Here are a few ideas:

Stop being polite.

If you want to release some sanity into your life (and into the lives of those around you), stop being polite and start speaking from a deeper place of love and prophetic imagination. As southern as I am, I’m pretty convinced that southern politeness is not a feature of holy living. I’m not talking about common courtesy, or even the kind of patience that endures rude people in a store. I’m talking about the difference between the kind of politeness that works against deep love. Deep love will always lead us toward truth; southern politeness will often lead us away from it.

When we learn to be both gracious and honest with one another, we stifle the enemy’s options for control. When we learn to speak prophetically into each other’s lives (honestly, hopefully, spiritually), we release the Holy Spirit to move and create both transformation and trust. Surely this is what Jesus meant when he said, “Whatever you release on earth will be released in heaven …”

Don’t tolerate crazy.

Think about how it would impact your relationships if you refused to keep tolerating other people’s crazy. You’d stop letting people cancel on you at the last minute. You’d have no tolerance at all for passive aggression (which I believe is straight from the enemy of our soul). You’d expect people to honor your time as you honor theirs. You wouldn’t let folks chronically complain about situations without challenging them to move forward. And when others are letting “crazy” make their decisions, you wouldn’t let southern politeness rob them of your deep concern for them. Doesn’t that sound like a much more sane way to live?

Hear me on this: Care what happens to other people. Care deeply. Let your heart be broken for other people. But don’t tolerate crazy. Genuine, mature compassion will always cause us to care enough about a person’s sin that we’re motivated not to let them stay there. Love without accountability is a socially accepted form of abuse that malforms people spiritually.

Stop making excuses.

Paul the Apostle announced more than once that he was focused on the future. He’d say, “Forgetting what is behind (I strain) toward what is ahead …” That is a great mental posture to take toward life. “Forgetting what lies behind” is refusing regret a voice in our life. “Straining toward what is ahead” is putting processes in place that allow room for new habits.

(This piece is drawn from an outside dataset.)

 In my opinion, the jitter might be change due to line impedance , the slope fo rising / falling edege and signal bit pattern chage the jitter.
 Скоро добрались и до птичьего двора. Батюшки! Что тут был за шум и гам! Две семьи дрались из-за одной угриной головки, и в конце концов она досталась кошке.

Straining toward what is ahead is deciding that what we thought was inconceivable is actually doable so we set goals, then we get accountability so we can stay with those goals.

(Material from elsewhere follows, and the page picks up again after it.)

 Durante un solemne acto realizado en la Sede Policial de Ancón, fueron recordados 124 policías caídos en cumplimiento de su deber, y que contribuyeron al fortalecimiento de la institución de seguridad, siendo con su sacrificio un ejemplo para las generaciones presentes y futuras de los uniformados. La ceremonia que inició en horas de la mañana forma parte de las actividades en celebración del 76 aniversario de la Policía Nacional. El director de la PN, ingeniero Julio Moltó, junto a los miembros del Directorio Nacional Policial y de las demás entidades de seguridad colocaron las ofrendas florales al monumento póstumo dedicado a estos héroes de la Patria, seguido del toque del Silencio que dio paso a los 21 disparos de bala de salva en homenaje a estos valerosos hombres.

Accountability is committing to transformation. After all, Jesus didn’t come into his ministry saying, “Talk about your junk and believe, for the Kingdom of Heaven is near.” He said, “Repent and believe.” In other words, own your junk and move on.

Decide not to be lazy. 

I don’t know who said it first, but I like this: “Discipline is choosing between what I want now and what I want most.” The answer to that inner wrestling between what we want now and what we want most is best answered with discipline. As Kevin Watson says, “Some things need to be predictable.” If what I want most requires a change in my life and a commitment to daily discipline, then I have some choices to make and the first choice may be to stop being lazy.

Stop having good ideas.

Disciplines are for people who have too many distractions, so here’s my wisdom for myself and anyone else who fits this category: stop chasing good ideas and start pursuing disciplines. Disciplines keep us from distractions that aren’t meant for us, while chasing every good idea will only keep us in mental chaos and rob us of rest.

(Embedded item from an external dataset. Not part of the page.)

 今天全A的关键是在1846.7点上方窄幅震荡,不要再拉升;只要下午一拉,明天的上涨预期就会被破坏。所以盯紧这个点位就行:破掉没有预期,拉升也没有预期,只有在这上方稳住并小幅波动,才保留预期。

Get yourself an external hard drive.

If you want to breed more sanity into your life, find someone who will speak prophetically (which means, “honestly, hopefully, and spiritually”) into your life. To grow spiritually, you need someone external to yourself who will not be polite, who will not tolerate your crazy, who will not ignore your lazy, who will challenge your bottomless capacity for good ideas, and who will tell you what is sane and moral and biblical.

So here’s the real point to this whole post: To breed sanity is to be disciplined, and to be disciplined is to be in community. My friends, this is how we get back to the other side of Genesis 3. We learn to lean into each other in community and we get serious about serving one other from a loving, honest, holy place.